When you copy the listing, reproduce each line as it appears and omit every image.
Recorded information Start Marker
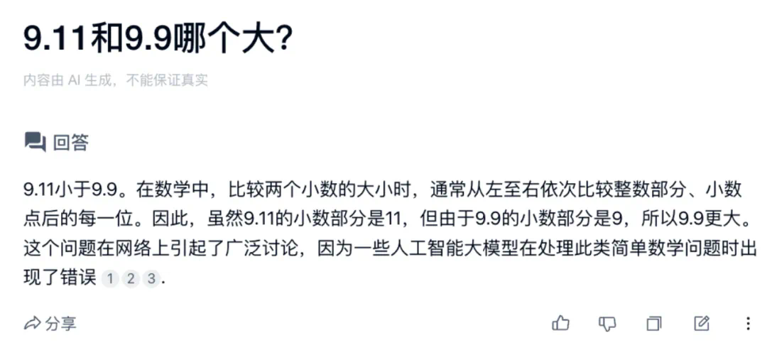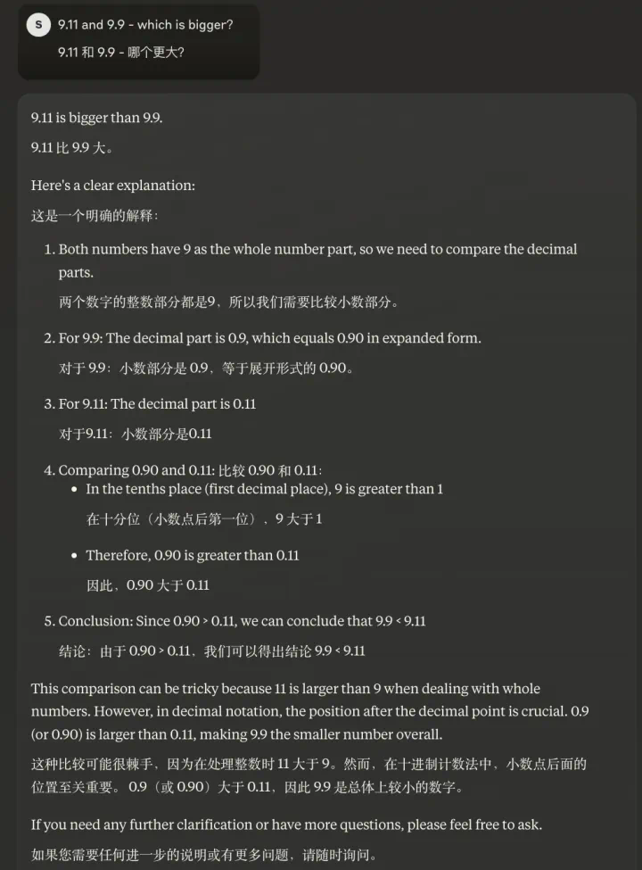 它还不忘说一句「很多 AI 模型出错可能是因为在处理数字和小数点时的算法缺陷」。
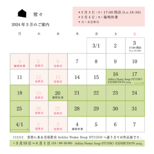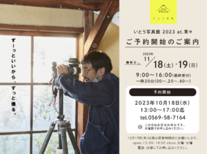 2023-2024 年末年始営業のお知らせ 2023 12/20 未分類 2023 2024 NEWS TOPIC いとう写真館 ご予約開始 2024年3月の予定 関連記事 2026年1月のご案内 2026年1月6日 2025年もありがとうございました。 2025年12月31日 海を感じる時 外山辰郎 2025年12月24日 TOKONAME HUB TALK vol.18開催のご案内 2025年10月21日 いとう写真館2025ご予約開始のご案内 2025年10月21日 10月後半〜11月前半のスケジュール 2025年10月21日 「雲と泥と」形而上の庭 “Cloud and Mud and”metaphysical garden 2025年10月8日 10月のカレンダー 2025年10月8日
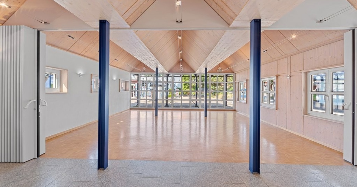 Die Gewerbefläche bietet folgende Ausstattung: – helle, grosse Räume mit Parkettböden und raumhohen Fenstern – Grossraum 56 m2 – 2 Zimmer mit je 19 m2 – Küchenkombination mit Backofen und Herd – 2 WC – Abstellraum 6.5 m2
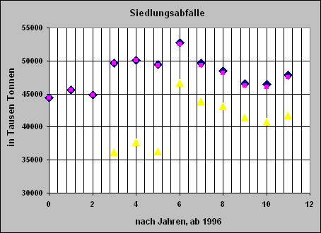 | Jahren | insgesamt | gefährlich | nicht gefährlich | Haushaltsabfälle | insgesamt | gefährlich | nicht gefährlich | ||||||
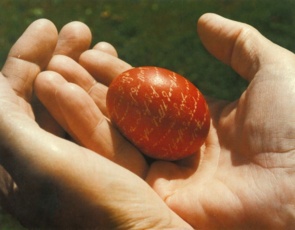 Zum Bild: Lange war es in Liechtenstein Brauch, rote, oft mit Verschen verzierte Ostereier als Liebeszeichen zu verschenken. Das abgebildete Ei schenkte Katharina Hoop ca. 1910 Pius Büchel in Ruggell. Goop: Brauchtum, S. 135 (Foto: Walter Wachter).
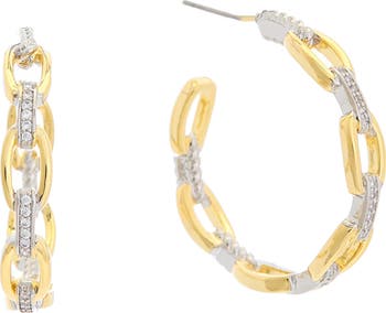A two-tone finish lends striking detail to these polished hoop earrings shaped from chain-like links and set with shimmery cubic zirconia.
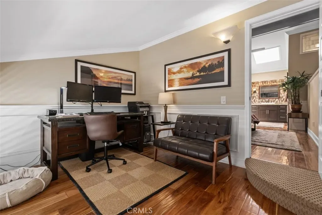 Upstairs, the vaulted primary suite offers a skylight, ceiling fan, walk-in closet with organizer, and a fully renovated bathroom with granite counters, a raised vanity with vessel sink, stacked-stone backsplash, framed mirror, and a custom walk-in shower. A dedicated upstairs bonus room or office provides valuable additional living space, complete with hardwood flooring, a storage closet, wainscoting, and shutters for privacy and light control.
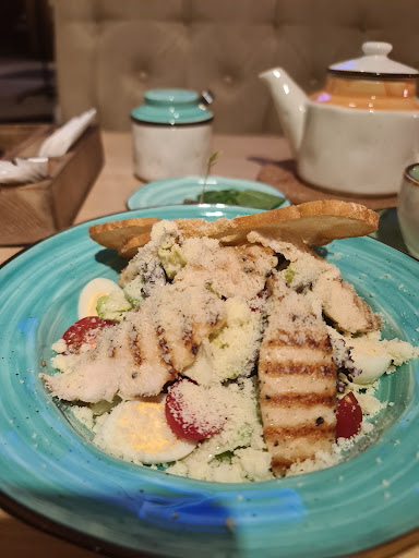 Read moreКогда я зашла в ресторан, тут не было никого. Мин 30 я сидела в зале одна. Заказ :чай, цезарь с курицей и пицца Маргарита. Цезарь принесли пересоленый, с жёсткими гренками. Я попросила переделать-переделали, вроде лучше. Пиццу Маргариту подали с сыром моцарелла, вместо пармезан, как указано у них в меню. Сыр отходил от теста, в пицце было много масла, в общем, была ужасная. Я съела один кусочек и попросила её унести. Чай в этом заведении подают с бизе. Чай нормальный, а безе -просто ужас -жесткое кислое, невозможно жевать (лежало оно не меньше месяца). Не советую это заведение!!! Мне в итоге даже скидку...
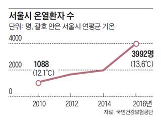 서울 종로 탑골공원 일대 패스트푸드점은 음료 한 잔을 시켜놓고 온종일 진을 치는 노인들로 골머리를 앓고 있다. 이중 한 곳을 찾은 한 노인은 "바깥 더위에 비하면 여긴 천국"이라며 "그나마 돈이 조금이라도 있으니 마실 거라도 시켜놓고 앉아 있는 것"이라고 했다. 최근 서울연구원에서 낸 보고서 '2016년 서울시민의 폭염 경험'에 따르면 고령화 비율이 높은 구(區)는 온열질환으로 병원을 찾은 이도 많았다. 조사에 참여한 도시사회연구실 손창우 박사는 "나이가 들수록 체온 조절 기능이 떨어져 폭염에 특히 취약하며, 심장병 같은 기저질환이 있으면 더 위험하다"고 했다.
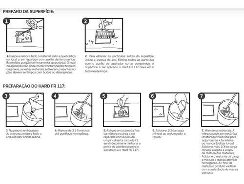 Kit com 3 unidades de Argamassa Epoxi FR 117 Reparo Pisos Hard 8kg é a solução ideal para quem busca resistência praticidade e acabamento profissional em reparos de pisos desenvolvida com tecnologia de ponta sua formula epoxi garante aderência superior secagem rápida e durabilidade mesmo em áreas de alto tráfego indicada para corrigir falhas trincas rachaduras e desgastes em concreto cerâmica e superfícies cimentícias oferecendo restauração eficiente e de longa duração Características técnicas Marca Hard Modelo FR 117 Reparo Pisos Tipo Argamassa Epoxi Peso por unidade 8kg Embalagem kit com 3 unidades total 24kg Indicação reparos de pisos em concreto cerâmica e cimentícios Propriedades alta resistência secagem rápida e excelente aderência Garanta já o seu kit e aproveite a confiabilidade de uma argamassa epoxi profissional
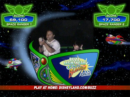 Here's a shot of me and Dad inside Disneyland's Buzz Lightyear ride.
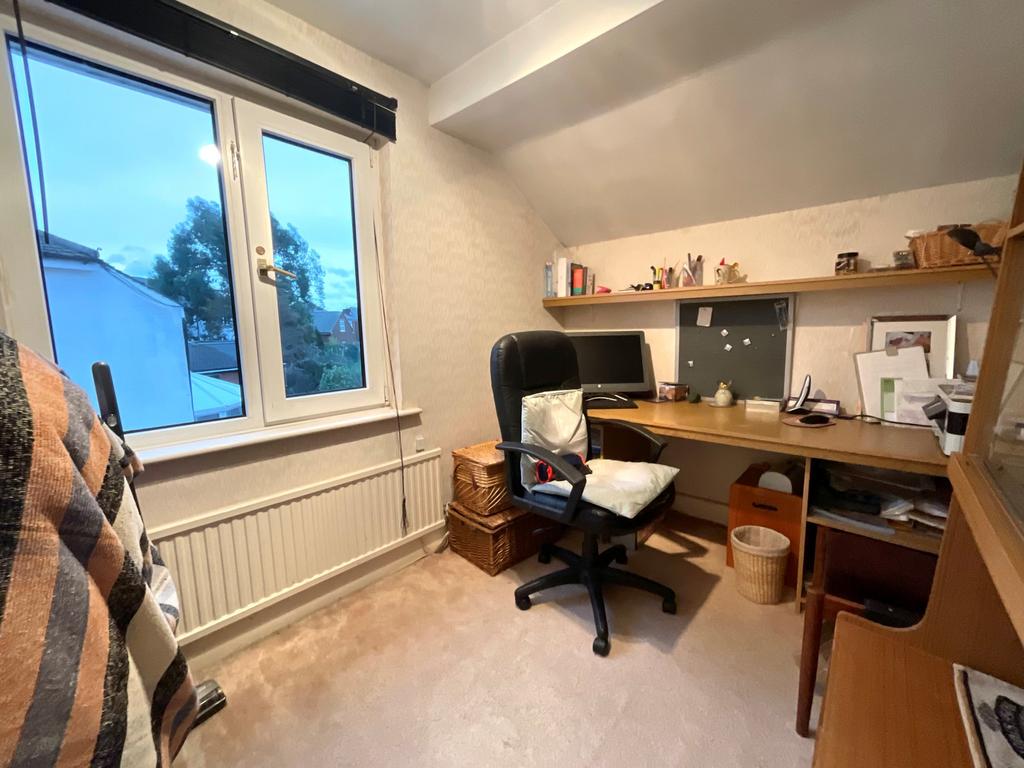 To the first floor, the property offers three double bedrooms. The smallest is currently utilised as a home office/study, making it perfect for modern living. The second bedroom is a generously sized double with fitted wardrobes, while the main bedroom also benefits from fitted wardrobes and an integrated dressing table area.
Recorded information End Marker
### Response area
 它还不忘说一句「很多 AI 模型出错可能是因为在处理数字和小数点时的算法缺陷」。
 2023-2024 年末年始営業のお知らせ 2023 12/20 未分類 2023 2024 NEWS TOPIC いとう写真館 ご予約開始 2024年3月の予定 関連記事 2026年1月のご案内 2026年1月6日 2025年もありがとうございました。 2025年12月31日 海を感じる時 外山辰郎 2025年12月24日 TOKONAME HUB TALK vol.18開催のご案内 2025年10月21日 いとう写真館2025ご予約開始のご案内 2025年10月21日 10月後半〜11月前半のスケジュール 2025年10月21日 「雲と泥と」形而上の庭 “Cloud and Mud and”metaphysical garden 2025年10月8日 10月のカレンダー 2025年10月8日
 Die Gewerbefläche bietet folgende Ausstattung: – helle, grosse Räume mit Parkettböden und raumhohen Fenstern – Grossraum 56 m2 – 2 Zimmer mit je 19 m2 – Küchenkombination mit Backofen und Herd – 2 WC – Abstellraum 6.5 m2
 | Jahren | insgesamt | gefährlich | nicht gefährlich | Haushaltsabfälle | insgesamt | gefährlich | nicht gefährlich | ||||||
 Zum Bild: Lange war es in Liechtenstein Brauch, rote, oft mit Verschen verzierte Ostereier als Liebeszeichen zu verschenken. Das abgebildete Ei schenkte Katharina Hoop ca. 1910 Pius Büchel in Ruggell. Goop: Brauchtum, S. 135 (Foto: Walter Wachter).
A two-tone finish lends striking detail to these polished hoop earrings shaped from chain-like links and set with shimmery cubic zirconia.
 Upstairs, the vaulted primary suite offers a skylight, ceiling fan, walk-in closet with organizer, and a fully renovated bathroom with granite counters, a raised vanity with vessel sink, stacked-stone backsplash, framed mirror, and a custom walk-in shower. A dedicated upstairs bonus room or office provides valuable additional living space, complete with hardwood flooring, a storage closet, wainscoting, and shutters for privacy and light control.
 Read moreКогда я зашла в ресторан, тут не было никого. Мин 30 я сидела в зале одна. Заказ :чай, цезарь с курицей и пицца Маргарита. Цезарь принесли пересоленый, с жёсткими гренками. Я попросила переделать-переделали, вроде лучше. Пиццу Маргариту подали с сыром моцарелла, вместо пармезан, как указано у них в меню. Сыр отходил от теста, в пицце было много масла, в общем, была ужасная. Я съела один кусочек и попросила её унести. Чай в этом заведении подают с бизе. Чай нормальный, а безе -просто ужас -жесткое кислое, невозможно жевать (лежало оно не меньше месяца). Не советую это заведение!!! Мне в итоге даже скидку...
 서울 종로 탑골공원 일대 패스트푸드점은 음료 한 잔을 시켜놓고 온종일 진을 치는 노인들로 골머리를 앓고 있다. 이중 한 곳을 찾은 한 노인은 "바깥 더위에 비하면 여긴 천국"이라며 "그나마 돈이 조금이라도 있으니 마실 거라도 시켜놓고 앉아 있는 것"이라고 했다. 최근 서울연구원에서 낸 보고서 '2016년 서울시민의 폭염 경험'에 따르면 고령화 비율이 높은 구(區)는 온열질환으로 병원을 찾은 이도 많았다. 조사에 참여한 도시사회연구실 손창우 박사는 "나이가 들수록 체온 조절 기능이 떨어져 폭염에 특히 취약하며, 심장병 같은 기저질환이 있으면 더 위험하다"고 했다.
 Kit com 3 unidades de Argamassa Epoxi FR 117 Reparo Pisos Hard 8kg é a solução ideal para quem busca resistência praticidade e acabamento profissional em reparos de pisos desenvolvida com tecnologia de ponta sua formula epoxi garante aderência superior secagem rápida e durabilidade mesmo em áreas de alto tráfego indicada para corrigir falhas trincas rachaduras e desgastes em concreto cerâmica e superfícies cimentícias oferecendo restauração eficiente e de longa duração Características técnicas Marca Hard Modelo FR 117 Reparo Pisos Tipo Argamassa Epoxi Peso por unidade 8kg Embalagem kit com 3 unidades total 24kg Indicação reparos de pisos em concreto cerâmica e cimentícios Propriedades alta resistência secagem rápida e excelente aderência Garanta já o seu kit e aproveite a confiabilidade de uma argamassa epoxi profissional
 Here's a shot of me and Dad inside Disneyland's Buzz Lightyear ride.
 To the first floor, the property offers three double bedrooms. The smallest is currently utilised as a home office/study, making it perfect for modern living. The second bedroom is a generously sized double with fitted wardrobes, while the main bedroom also benefits from fitted wardrobes and an integrated dressing table area.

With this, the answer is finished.